— Поэтому Дениз начала вскакивать ночью с постели, рыдать и жаловаться, что она ничто .

— А она считала, что ты сделаешь из нее нечто?

— Ну, не хватало одного ингредиента.

— Но ты так и не нашел его, — подвела итог Рената.

— Да, и она вернулась к вере своих отцов.

— И кто эти отцы?

— Шайка мелких политиканов и отморозков. Однако, должен признать, я и сам виноват, что оказался таким нежным цветочком. Как бы там ни было, меня вскормила земля Чикаго. И я должен был держать удар.

— Она плакала по ночам о загубленной жизни, вот в чем дело. А ты хотел спать. Ты не прощаешь женщинам, которые ночью своими проблемами мешают тебе спать.

— Я задумался о нежных цветочках, произрастающих в Деловой Америке, потому что мы направляемся в Нью-Йорк выяснить, что там с завещанием Гумбольдта.

— Напрасная трата времени.

— И я спрашиваю себя: «Почему мещанство так сильно задевает?»
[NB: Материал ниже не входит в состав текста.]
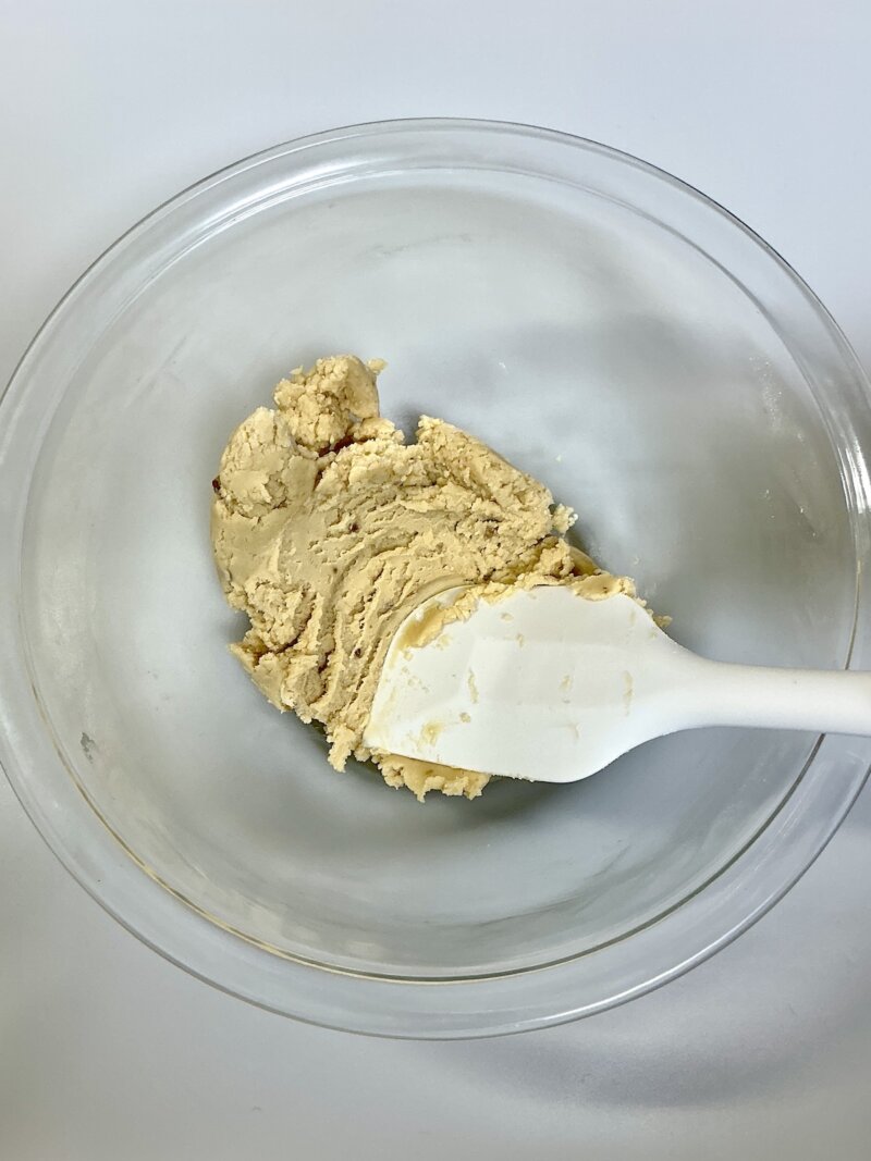 最後にボウルの底にグッと押しつけていくと、ひとまとまりになってきます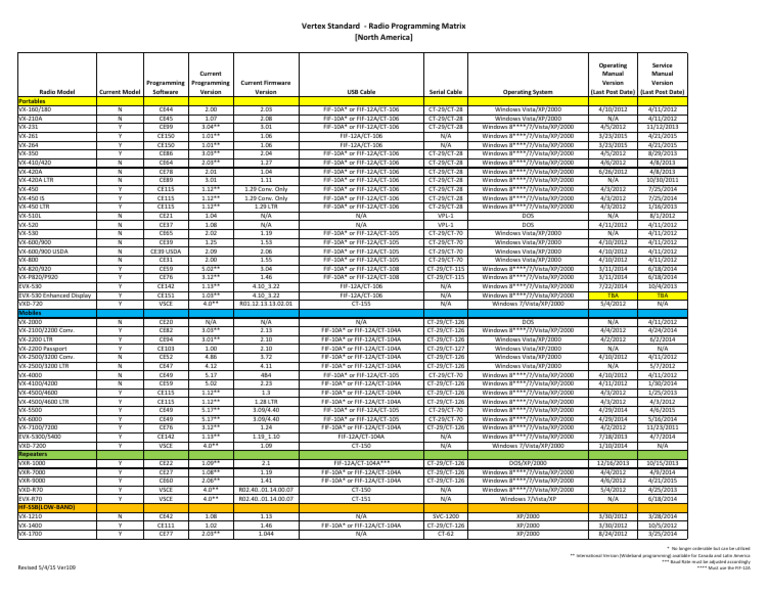 Radio Model Current Model Software Version Version USB Cable Serial Cable Operating System (Last Post Date) (Last Post Date)

— Я говорю с тобой, а ты начинаешь читать мне лекцию. Нам пришлось поменять все наши планы в Милане. И ради чего! Не мог он ничего тебе оставить. Он умер в ночлежке, полностью выжив из ума.

— Перед смертью у него наступило просветление. Кэтлин сообщила мне. Не будь врединой.

— Да я самая что ни на есть полезина. Ты спутал меня с той злобной сукой, которая таскает тебя по судам.

— Вернемся к нашему разговору. Американцам выпало осваивать целый свободный континент. Как можно ожидать от них такого же внимания к философии и искусству? Старый доктор Лутц называл меня чертовым иностранцем, потому что я читал стихи его дочери. Стричь купоны в какой-нибудь конторе в Лупе — вот призвание американцев.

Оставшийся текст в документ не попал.